Exercise instructions = Give again, word for word, the line holding "The statistical significance" and every line after it through the end of the data below. Omit pictures.

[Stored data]
------------------------------

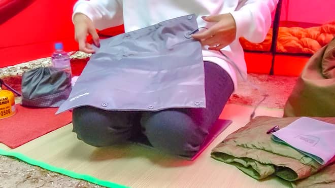 ペラペラのナイロン生地でクッション性はありませんが、山座布団に敷こうと思っていた筆者にはぴったり。そのまま使っても暖かいですが、ひざ掛けをプラスするとかなり暖かいです。
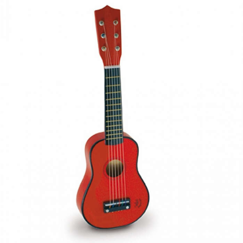 Tedd fel kérdésed a(z) VILAC Piros lakkozott fa gitár 6 műanyag húrral termékről!
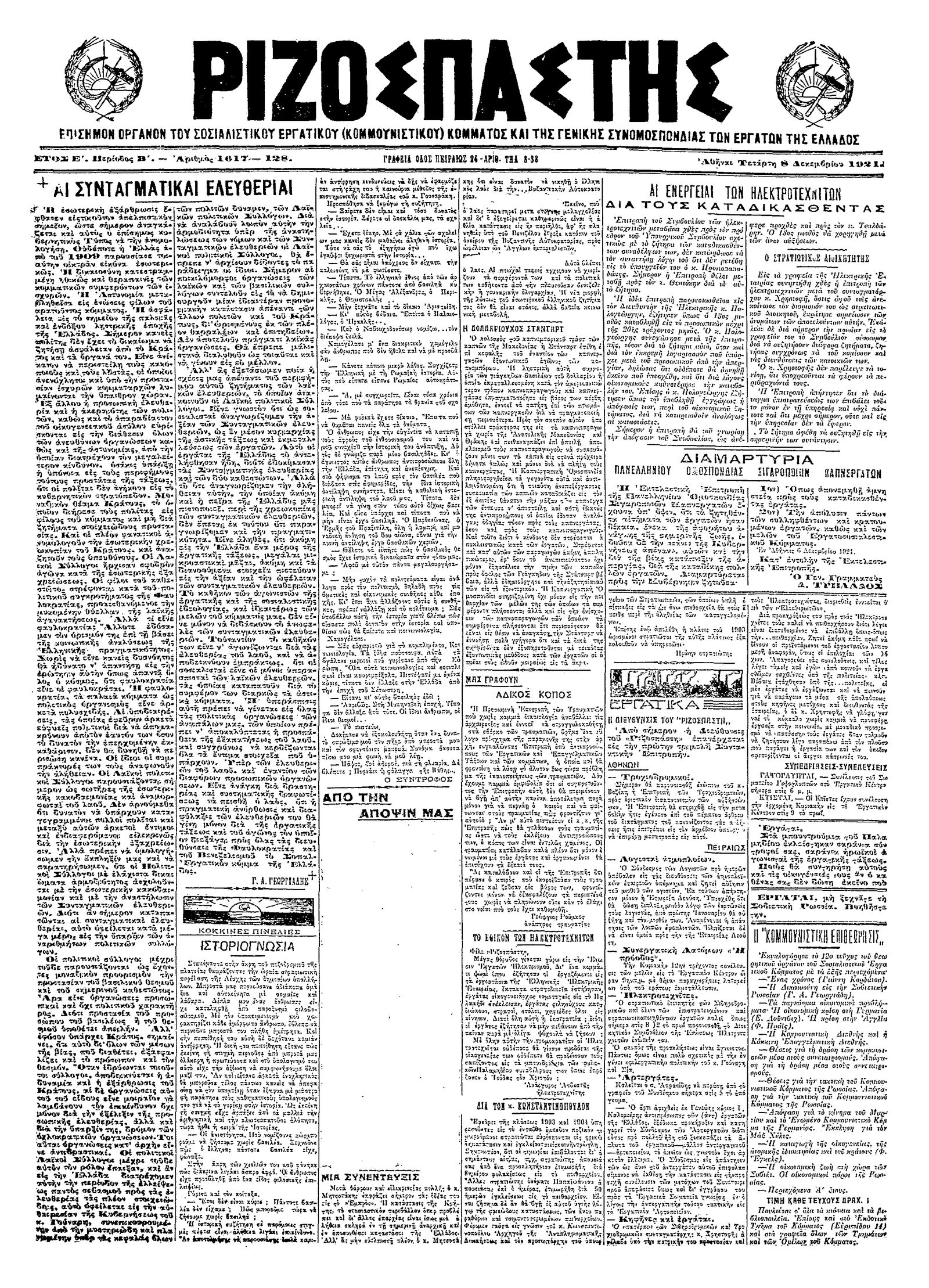Ριζοσπάστης 08/12/1921
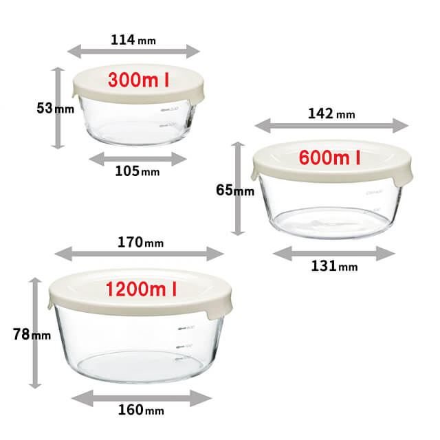 | サイズ | ・300ml Φ114(底105)×高53mm ・600ml Φ142(底131)×高65mm ・1200ml Φ170(底160)×高78mm |
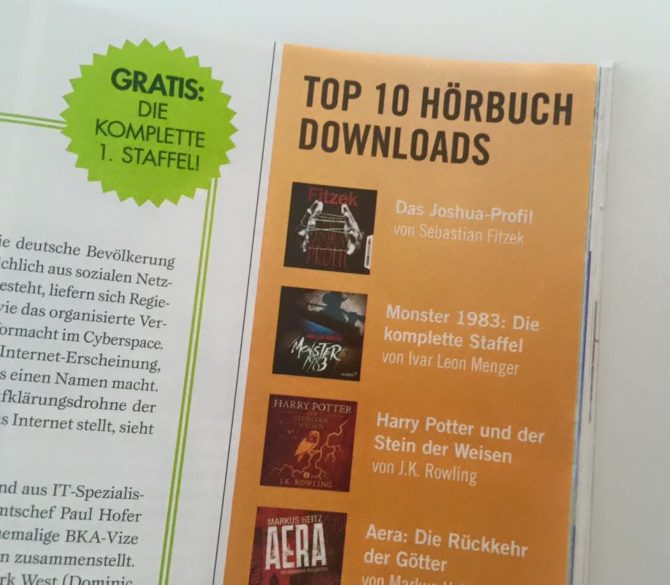Diese Top 10-Audible-Anzeige im aktuellen Bücher-Magazin freut mich sehr! „Monster 1983“ auf Platz 2 der Verkaufscharts, wow! Danke an alle HörerInnen!!! Und herzlichen Glückwunsch zu Platz 1, Sebastian!
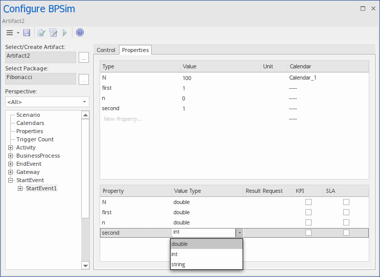 In Enterprise Architect release 13.0 and higher, BPSim property parameters can hold process instance data to which no value is assigned until run time. You can define the property parameter type on the 'Properties' page of the Configure BPSim window; the supported types are 'int', 'double' and 'string'.
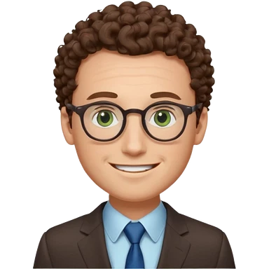 The face of a white man, with blue/green eyes, a large forehead, small and thin round glasses, curly brown hair, wearing a suit, and smiling emoji
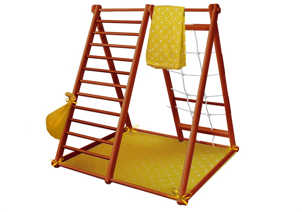 Комплектация: в комплект входят лестница с сеткой для лазания, палатка-накидка, мат и сумка для игрушек. Это позволяет ребенку не только заниматься спортом, но и играть в различные игры.
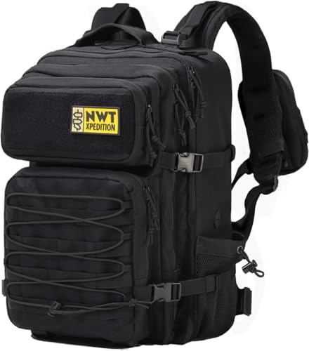 NWT XPEDITION Military Tactical Backpack,Sturdy Work & Molle Laptops Rucksack, Heavy Duty Pack for Hiking Camping Travel Gym,Black
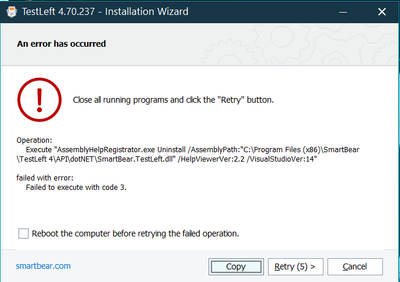 Issue solved after checked the checkbox 'Reboot the computer before retrying the failed operation'.
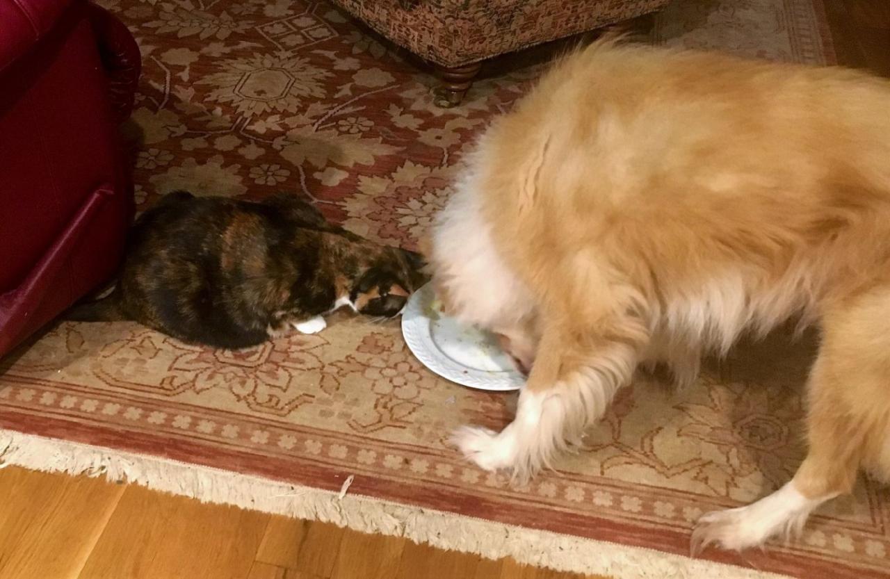 i have two cats as well, and the older one bonded with Callie as a kitten. The other night I came home, and in my headlights in the driveway, I see the two of them walking together with the cat nudging Callie away from the hedgerow and back into the center of the path she was on. Good pets are good friends.
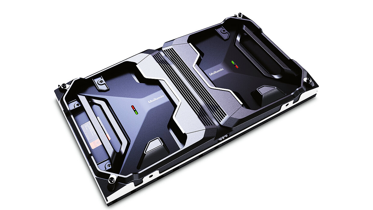 UslimIII O ist ein wetterfestes LED-Displaymodul speziell für den Außenbereich, z. B. zur Konstruktion von Werbetafeln. Um die Haltbarkeit auch bei langfristigen Installationen im Freien zu verbessern, kommt die sogenannte Full-Flip-Chip-on-Board-Technologie zum Einsatz: Die LED-Chips werden dabei in transparentem Kieselgel versiegelt, was die Widerstandsfähigkeit des Produktes erhöht. Das präzise gefertigte Gehäuse aus Druckgussaluminium verbindet Robustheit mit einem markanten, futuristischen Erscheinungsbild.
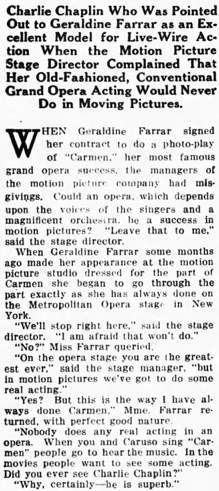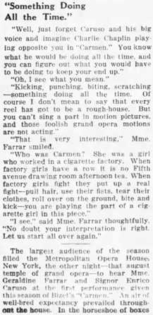 expressed by the musical critics the day following Miss Farrar‘s Charley-Chaplinized performance of Carmen.
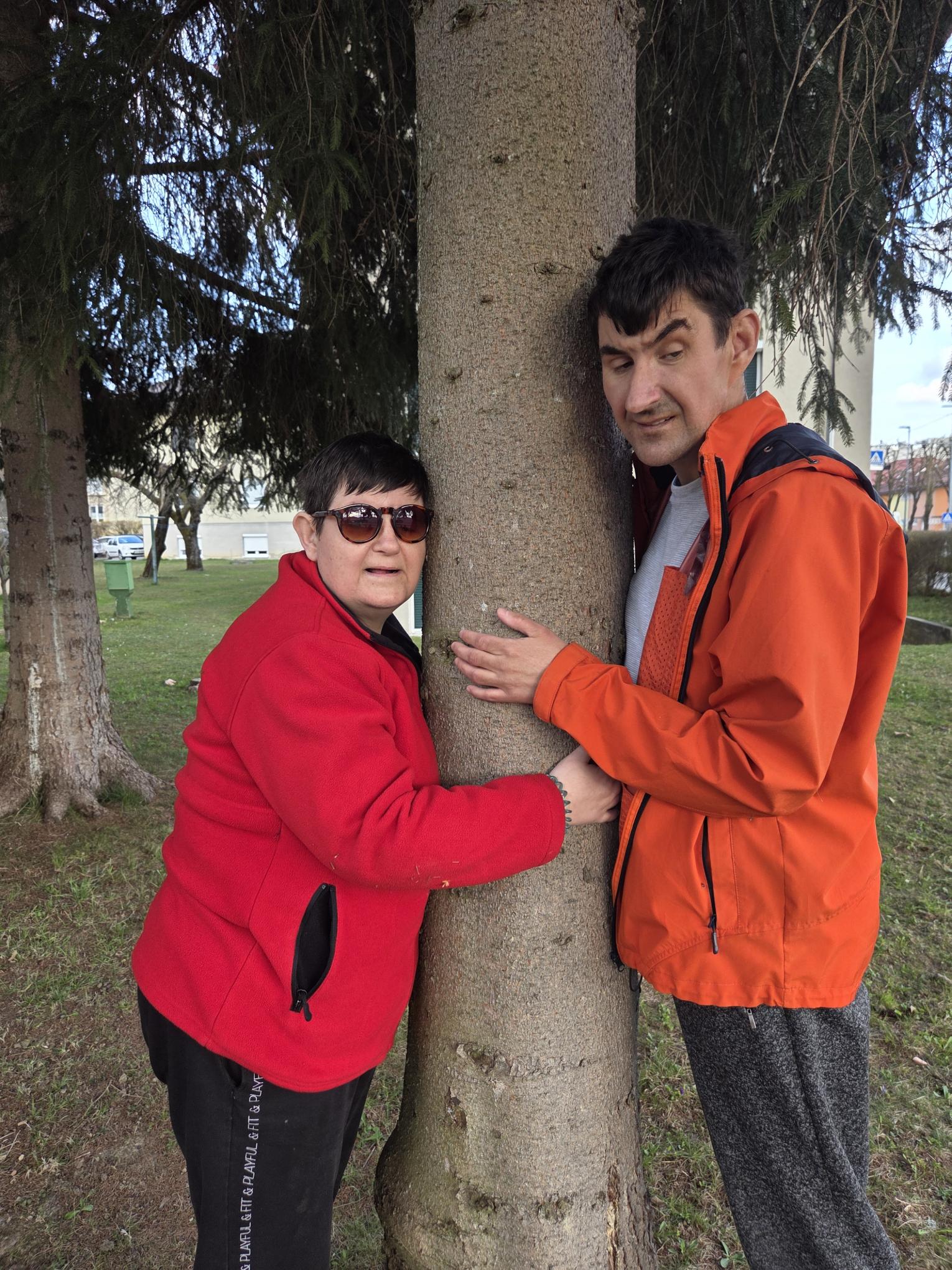 Odpravili smo se na sprehod do parka, kjer smo si med drevesi poiskali prijeten kotiček v naravi. Tam smo preizkusili nekaj posebnega – objemanje dreves. Vsak si je izbral svoje drevo, ga objel, se naslonil nanj in za trenutek začutil stik z naravo.
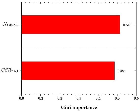 Feature importance in the isotonic-calibrated RF model was assessed using the Gini impurity metric [], which evaluates each predictor’s contribution to the overall decision process by measuring the reduction in node impurity across all trees. As shown in Figure 6, N1,60,CS appears to be the most influential variable, with a Gini importance of 0.515. Meanwhile, CSR7.5,1 is close behind at 0.485. This distribution highlights the similar but slightly different roles of in situ soil resistance and seismic demand in distinguishing liquefaction outcomes, consistent with established geotechnical principles, where penetration resistance often indicates susceptibility under specific loading conditions [].
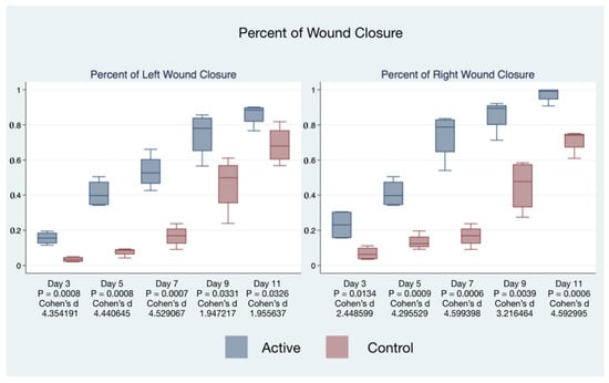 The statistical significance and effect sizes of comparisons of the left and right puncher wound closure between active cFIRB and control mice are demonstrated in
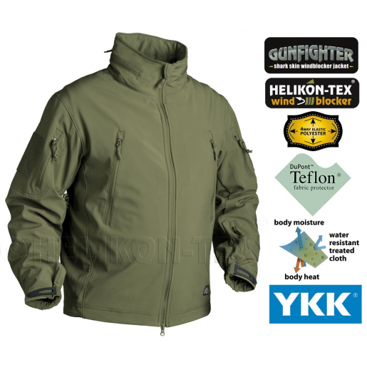 Helikon Gunfighter – це легка і дуже практична куртка з м’якої оболонки. Він виготовлений з 3-шарового еластичного матеріалу Shark Skin, який забезпечує чудову ізоляцію та захист від вітру та вологи, зберігаючи при цьому високий рівень повітропроникності. Зовні світшот покритий тефлоновим покриттям DuPont, яке захищає від бруду та води. Всередині підкладка з м'якого флісу. Куртка має сім кишень, прихований у комір капюшон і регульований капюшон, вентиляційні блискавки під пахвами, липучки на манжетах і шнурок. Капюшон зручно регулювати, не виймаючи рук з кишень, за допомогою шнурків, захованих у нагрудних кишенях.

------------------------------

Solution to this task =
 The statistical significance and effect sizes of comparisons of the left and right puncher wound closure between active cFIRB and control mice are demonstrated in
 Helikon Gunfighter – це легка і дуже практична куртка з м’якої оболонки. Він виготовлений з 3-шарового еластичного матеріалу Shark Skin, який забезпечує чудову ізоляцію та захист від вітру та вологи, зберігаючи при цьому високий рівень повітропроникності. Зовні світшот покритий тефлоновим покриттям DuPont, яке захищає від бруду та води. Всередині підкладка з м'якого флісу. Куртка має сім кишень, прихований у комір капюшон і регульований капюшон, вентиляційні блискавки під пахвами, липучки на манжетах і шнурок. Капюшон зручно регулювати, не виймаючи рук з кишень, за допомогою шнурків, захованих у нагрудних кишенях.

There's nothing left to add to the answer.